I shook my head and rolled onto my stomach, watching my hand automatically pull a thicket of grass from Rose’s fist and reposition her on the blanket, enjoying Laura’s puzzlement.

“Did you find a suitcase of money?”

I laughed.

“Did Cute Dad ask you to the prom?”

I propped myself up on one elbow. When the rusalka and I shared a feeling, it was as if a chime reverberated in my breastbone. “Laura. I need you to tell me something, and I need you to be perfectly honest. Do you think Cute Dad is even really that cute?”

Laura shrugged. “Of course he is. Otherwise how would he have gotten his name?”

“Good point.”

Emma and Betty were squatting by a jumble of tree roots, digging “potties” with sticks, pretending to poop in them, and then screaming with laughter. It was all going beautifully, though I was preparing myself for Betty to stab Emma in the eyeball. She’d been acting out at every opportunity, biting and pushing and grabbing and kicking, generally operating as if I were one large button to be pushed.

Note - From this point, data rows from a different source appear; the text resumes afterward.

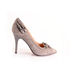 Если вы ищете оригинальные туфли, обратите внимание на эту пару от Svetski. Обилие деталей и сложный крой делают их очень притягательными. Многие детали имеют фестонный край и украшены небольшими металлическими заклепками. На мыске – композиция из металла, кристаллов и кожаного шнура. На боку – декоративные застежки с пряжками. В сочетании с классическим фасоном на высоком каблуке обувь выглядит очень свежо. Туфли выполнены из замши жемчужно-серого цвета, что придает им особый шик. Выбор неординарных женщин.
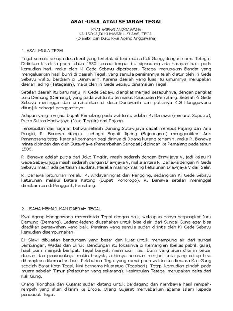 Cerita asal usul kota tegal dalam bahasa jawa. Asal Usul Kutha Tegal Dalam Bahasa Jawa. Aneh wit-witan asem iku thukule rada adoh-adoh utawa arang-arang. Dikisahkan bahwa salah seorang anak putri Ki Gede Sebayu yang bernama Nini Dwijayanti memang terkenal cantik cerdas dan cekatan.
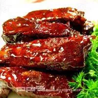 無錫“肉骨頭”的歷史有100多年。無錫肉骨頭其實根本不是“骨頭”,而是挑選近肋骨處的精肉連同肋骨一起燒成。作料有茴香、醬油、陳酒,燒煮時必須用面粉將鍋沿封住,用文火燒,燒至噴香酥爛,出鍋前用冰糖收膏。其肉汁甜香成糊狀,俗稱“老汁”。出售肉骨頭時,將老汁澆在熟肉上,使汁與肉拌和。無錫肉骨頭色、香、味俱佳,看來醬紅色,聞時濃香撲鼻,吃進口油而不膩、爛而不糊、甜咸適中
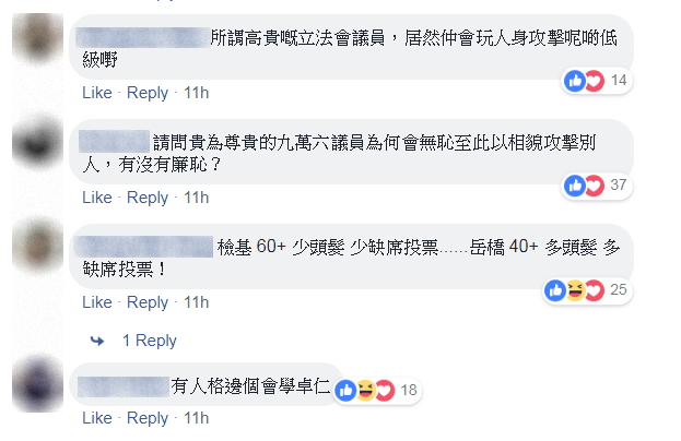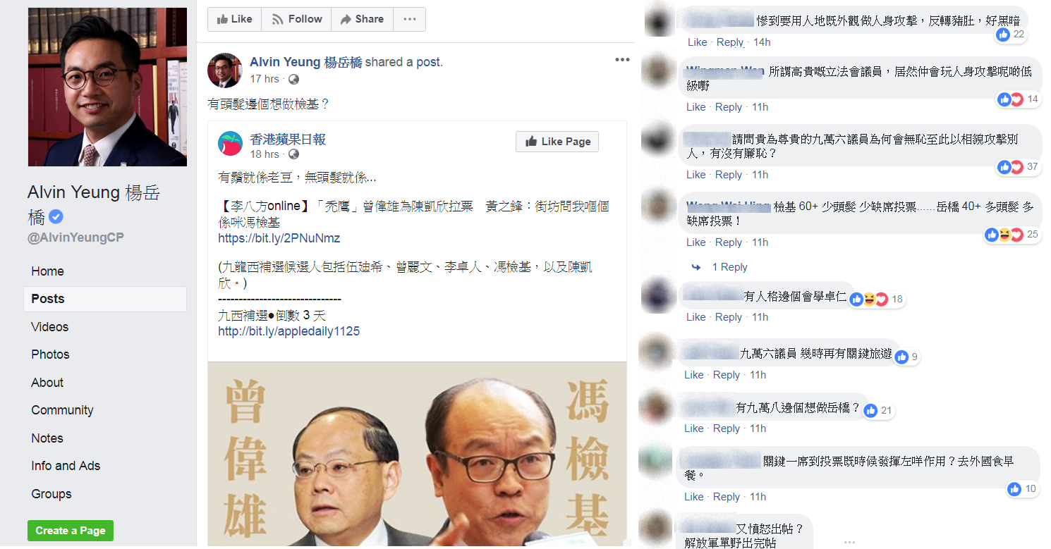 而據稱有為李卓人助選的楊岳橋,則分享報道,並留言「有頭髮邊個想做檢基?」,似是嘲笑馮檢基沒有頭髮。此言甫出,則惹來網民反響,批評楊岳橋人身攻擊,「請問貴為尊貴的議員為何會無恥至此以相貌攻擊別人,有沒有廉恥?」、「你冇嘢呀話?有冇頭髮關你乜事呀」、「所謂高貴嘅立法會議員,居然仲會玩人身攻擊呢啲低級嘢」。
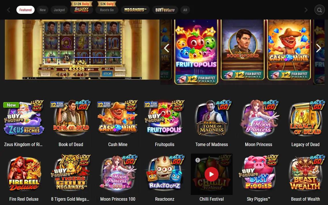There is a decent selection of online slot games up for grabs. You’ll instantly recognize many of Play’n GO’s titles, like Book of Dead and Reactoonz. There is also a stack of titles from Pragmatic Play and other well-known studios. Some of these titles fall part of the Race & Go $2K Daily Jackpot. Other titles form part of GGLucky Slot Race, where you could be in the running to win your portion of $12K daily.
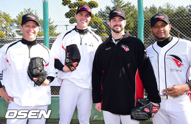 31일 kt위즈의 스프링 캠프가 차려진 일본 미야자키(宮崎)현 휴가(日向)시의 오쿠라가하마 구장에서 kt위즈 용병 옥스프링과 마르테, 필 어윈, 시스코가 포즈를 취하고 있다.
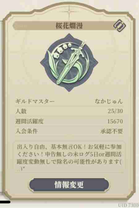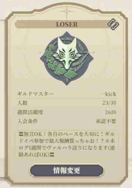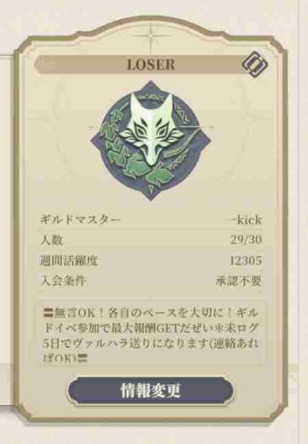 マスター交代を機に、リアルを優先していただけるよう、除名などギルドのルールを変更致しました('◇')ゞ

“I feel like they’re going to remember their childhood as if they lived in a forest. All they do is play with sticks. Such sophisticated city kids.” Laura picked up Rose and airplaned her overhead. Rose giggled, drooling onto Laura’s sunglasses.

“I hope so. Sometimes I worry that the city is kind of stunting their growth. Or at least the apartment. Nowhere to roam, you know?” I paused. “Do you think it’s okay? For kids to grow up in the city? I mean really okay? Or are we just being selfish?”